The pictures stay out; all of the data is to be printed exactly.

### RECORDED DATA
== Segment start ==
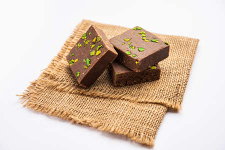 chocolate barfi or choco burfi cake, a tweak to indian dessert or sweet for festivals
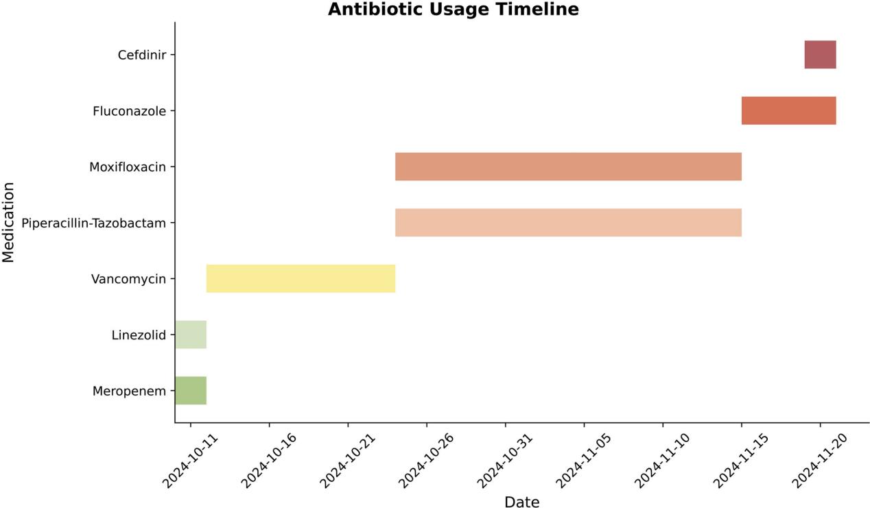 患者初始诊断为脓毒症、尿毒症和高钾血症,并开始广谱抗生素治疗:美罗培南0.5g每12小时静脉注射,联合利奈唑胺0.6g每12小时口服。在血培养鉴定出甲氧西林敏感金黄色葡萄球菌(MSSA)后,调整为万古霉素 0.5g 静脉滴注,每 8 小时 1 次。尽管炎症标志物初期有所改善,但约2周后的随访计算机断层扫描血管成像显示腹主动脉溃疡进展,伴周围渗出性改变(图1B)。抗生素方案随后调整为哌拉西林-他唑巴坦4.5g每12小时静脉注射,联合莫西沙星0.4g每日口服。整个病程中抗生素使用的时间线如图2所示。
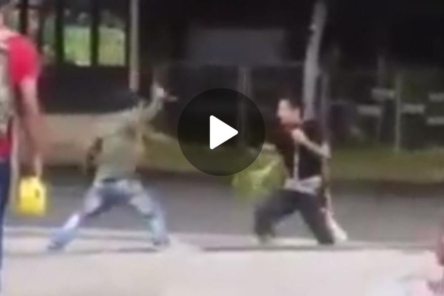 En el video, inicialmente se observa a dos muchachos que ondean sus hojas de metal con el objetivo de causarse graves lesiones, de tal manera que los demás ciudadanos que a esa hora practicaban su disciplina deportiva decidieron interrumpirla para observar el enfrentamiento.
== Segment end ==
### TASK SOLUTION
 chocolate barfi or choco burfi cake, a tweak to indian dessert or sweet for festivals
 患者初始诊断为脓毒症、尿毒症和高钾血症,并开始广谱抗生素治疗:美罗培南0.5g每12小时静脉注射,联合利奈唑胺0.6g每12小时口服。在血培养鉴定出甲氧西林敏感金黄色葡萄球菌(MSSA)后,调整为万古霉素 0.5g 静脉滴注,每 8 小时 1 次。尽管炎症标志物初期有所改善,但约2周后的随访计算机断层扫描血管成像显示腹主动脉溃疡进展,伴周围渗出性改变(图1B)。抗生素方案随后调整为哌拉西林-他唑巴坦4.5g每12小时静脉注射,联合莫西沙星0.4g每日口服。整个病程中抗生素使用的时间线如图2所示。
 En el video, inicialmente se observa a dos muchachos que ondean sus hojas de metal con el objetivo de causarse graves lesiones, de tal manera que los demás ciudadanos que a esa hora practicaban su disciplina deportiva decidieron interrumpirla para observar el enfrentamiento.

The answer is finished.